She said she felt like her “passion” for dance had been lost, but she had “tried not to let him take that from me” and is slowly “learning to love” dancing again.

C6 told the inquiry she now feels “different” to everybody else, including some other survivors, and recovery is “lonely”.

“I feel under so much pressure, like I am stuck between two worlds,” she said.

“I don’t fit with the adults there that day, or with those younger than me. I am somewhere in the middle.”

C6 said the inquiry “has to tell us why this happened” and find out why the attacker “was not stopped”.

“Why did the agencies involved not speak to each other?” she asked.

“How many others are out there like him? This can’t happen again.”

Inquiry chairman Sir Adrian Fulford praised the girl for her contribution, telling her: “Very well and bravely done.”

Earlier the parents of two children who survived the attack without physical injuries, referred to as child V and child W, described how their girls initially believed a man had come into the studio with “a fake knife and fake blood”.

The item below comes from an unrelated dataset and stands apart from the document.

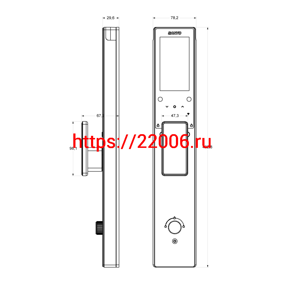 - Электронный замок Sanyo D501 Tuya DM70 с WiFi, ручка скоба 1800 мм, черный в Воронеже недорого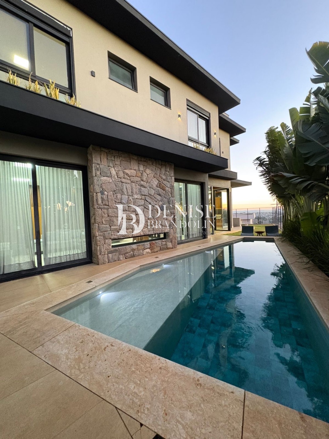 Espaço gourmet com churrasqueira, piscina aquecida e quintal.

The youngest told their mother: “Mummy, he didn’t knock on the door, he didn’t ask to come in and nobody wanted him there.”

Their father, his voice breaking with emotion, told the inquiry: “This Inquiry matters.

“It matters for our children, and for every child who was there that day. It matters for every parent who has sat up at night, terrified, knowing how close they came to losing their child.

“And it matters for those who did lose their children, who we think about and carry in our hearts every single day.”